E Market Briefing For Friday, June 15

Update on my AT&T rationale

I thought a drop to anywhere around 29-31 would be an attractive entry point (and so far indeed is). The idea of course was that 'if' the deal was approved, 'arbs' (arbitrageurs playing the TWX vs. T spread) would initially sell, and then the shares might rebound a bit, which you've seen. After the 'deal' closes; a large technical overhang might exist for awhile, if TWX shareholders who don't entirely 'grasp' the transformation (which would enhance the value of tons of Time Warner contacts that do not bring CPM .. cost per thousand .. yields like existing AT&T contacts and customers do; but that would improve) it's possible some would sell holdings... hence the temporary overhang. And 'in theory' a worry that the DOJ might still intrude since some pricing arrangements with Time Warner properties must stay in place into next year. (Some are critical of CEO Stephenson for that but it actually gives time to integrate.)  

Stock performance (for the combined AT&T) would subsequently improve, and even recover at least to levels logical on a fundamental basis. That's a higher level than where it is, even not considering a higher P/E multiple on a longer-term basis, if it's valued as a 'Media' not merely 'telecom' stock.
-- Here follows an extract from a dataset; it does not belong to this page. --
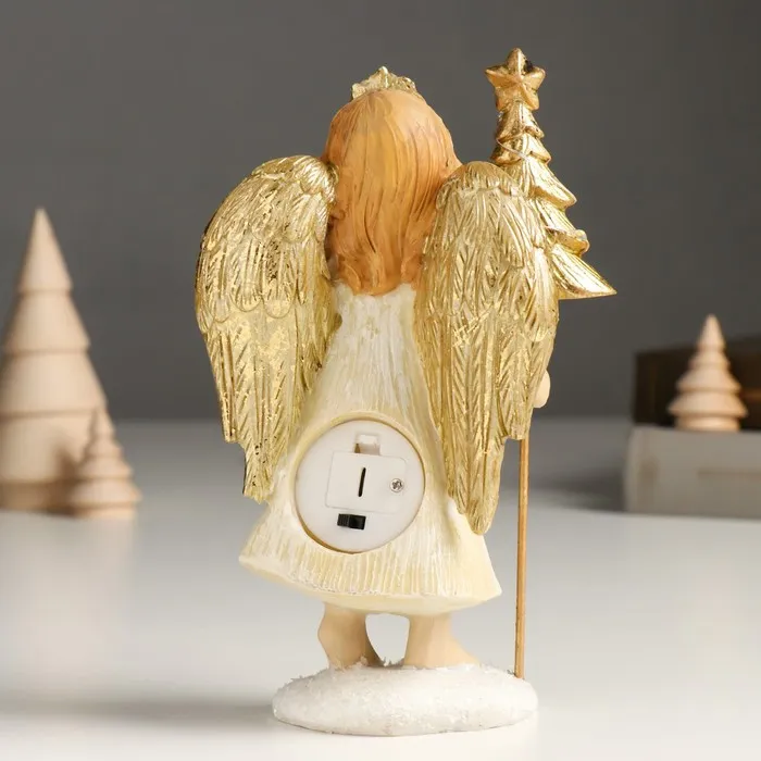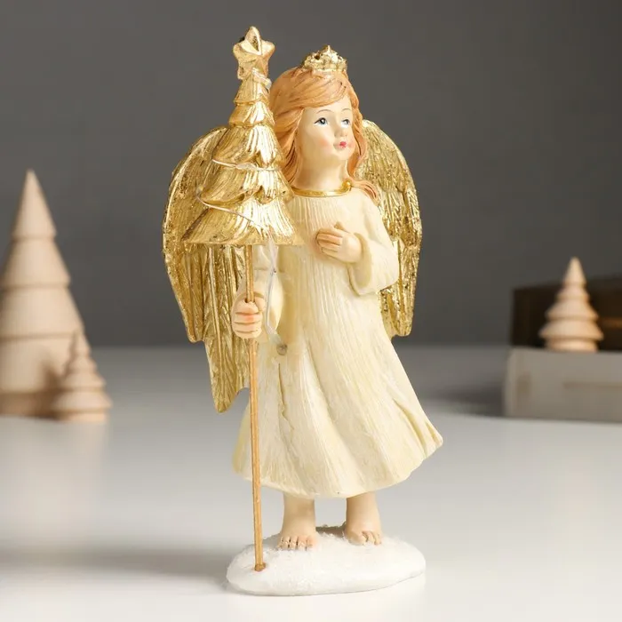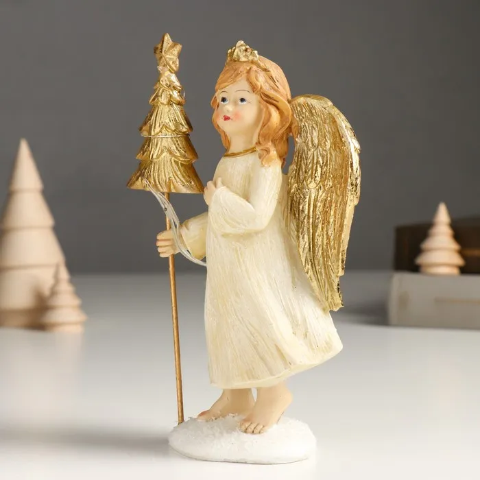 Сувенир полистоун "Девочка-ангел в бежевом платье с ёлочкой" золото 6х9х17 см — Характеристики

If it's viewed with a 'Media' multiple, it won't be a 'widows and orphans' stock for the coupon clipper crowd; a reputation it inherited from earlier days.  


So any shorts who are playing for the overhang trade lower should stay a bit nervous because they should have limited time (or price variation) for them to exit, lest they be run in when AT&T turns higher (barring calamity in the general market of course).  

In essence, after the deal's close (or perhaps at the next conference call with July's Q2 earnings) I'd expect AT&T to outline the new transformation, as I have already explored ('content and distribution' being cornerstones).